Please look into an adjustable heater for him.He will be less prone to things like ich with the temp up higher.


----------



## Bettafan (Sep 14, 2011)

yeah... i wanted to buy some live feed because he does not seem to like the pellets... neither of the 2 i have... but i read that this could make him prone to bloat and or parasites that the live food may have and that it is not as nutritious... he likes one a little more than the other but he does not seem to like it to much he plays around with it before actuatly swallows it... so i might make them as treats for him... yeah i have to save up money .. the heater is automatic and will turn on when temp is below 1 degree below 78..... he is a baby(i think) i got him of petsmart because he was small so i could see him grow into the large hm tail... so its hard to feed him... 
this is tsuki(moon) flared up hahah


----------



## majerah1 (Oct 29, 2010)

Hes a cute little fellow!Does look young and may not have been properly weaned.If you hatch BBS,They are good for 24 hours.Only hatch a little for him.Frozen is good for him,and highly nutritious.

However,no one type of food is complete on its own regardless what packaging says.For a complete diet,he needs a variety.

Also,I think possibly he is having troubles eating the pellets.Soak them for about five minutes in some of his tank water then feed and see if he takes them better that way.


----------



## Bettafan (Sep 14, 2011)

yeah even soaked he does not eat them he plays around with them of will look and swi away.. yeah i get the tiny ones and soak them for 3 min or so so they are soft and them put them in one by one so i know he eats... but i will buy some frozen and some smaller pellets that may fit his tiny mouth... im happy that he finnaly ate 2 whole pellets...*O3
yeah space is an issue in school dorms lol so i might not hatch anything might buy some frozen brine shrimp to feed him every so often allong with pellets


----------



## majerah1 (Oct 29, 2010)

Buy frozen bloodworms,he will like that alot more.Try to get the Hikari brand,but San Fransisco brand is ok.I think OSI makes some too,but the reason I suggest the Hikari brand is the add vitamins to theirs,and my fish have always loved them the best.


----------



## Bettafan (Sep 14, 2011)

thank you so much for your help i will look into it... i hope this little guys gets to grown into a big hansome hm betta beacause even flred he does not look to impressive... but i think it has to do with his age i really hope he gros nd so do his fins


----------



## majerah1 (Oct 29, 2010)

Halfmoon has to do with his tail spread.You can count the rays to see if he has it in him,but you need to exercise him in order for him to reach his full 180* spread.

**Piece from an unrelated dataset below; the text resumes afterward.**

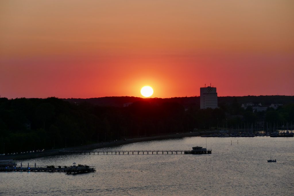 Baulich wird die Kieler Innenstadt im Moment aufgewertet, indem architektonisch die Einkaufsstraße mit dem Hafenbereich verbunden wird. Nicht schlecht, doch scheint mir auch dies nicht für die Ewigkeit konzipiert zu sein und ich befürchte, dass das, was jetzt neu und attraktiv aussieht, in spätestens 50 Jahren auf uns ähnlich unbehaglich wirkt, wie jetzt schon die Architektur der 70er und 80er Jahre. Danach hielt ich mich noch kurz im kleinen Schiffahrtsmuseum in der ehemaligen Fischhalle auf, was aber, bedingt durch eine schreckliche Kombination von Hitze und dem Tragen von Gesichtsmasken ein sehr kurzer Besuch blieb. Der Schloßpark war dann schon attraktiver. Hier fand ich ein schattiges Plätzchen unter alten Bäumen, wo ich entspannt die Zeit bis zum Einchecken abwarten konnte.

This is done by causing him to flare daily,but not for too long.Just a few minutes will do good.Too much and he will rip his fins so only a few minutes.

Feed him well and exercise him and I bet he will be a great looking adult.


----------



## Bettafan (Sep 14, 2011)

how many rays should he have... wow i did not know that it needed to be exercised... and how long a min or 2 is good after he begins to eat regularly... right?


----------



## majerah1 (Oct 29, 2010)

Three at least,but most look for four.

Here is a small guide to how to count them.Bettafanism: Betta Ray Counting Guide

Exercise him for about five minutes a day.Just place a mirror up to him for a bit and let him flare.It will stretch his fins.Too much and they will stretch and rip.That will help him reach the 180 degree spread.


----------



## Bettafan (Sep 14, 2011)

ok guys ne thing came up after adding the plants i have noticed him flaring alot at the waals of my 10g tnak made out of glass... after fralirn he wuickly dives and then cumes up flares some more and then swims of into a new spot and repeats the procees... he just tore his tail in a little in his upper most ray... and he also seems to quick jab the wall of the tank idk what is going on can i get any advice plz.... the water conditions are as follows nitrate 0ppm, nitrite 0ppm, ph 6.5-7, kh 0-40ppm, gh 0ppm... an no extrenal parasites can bee seen


----------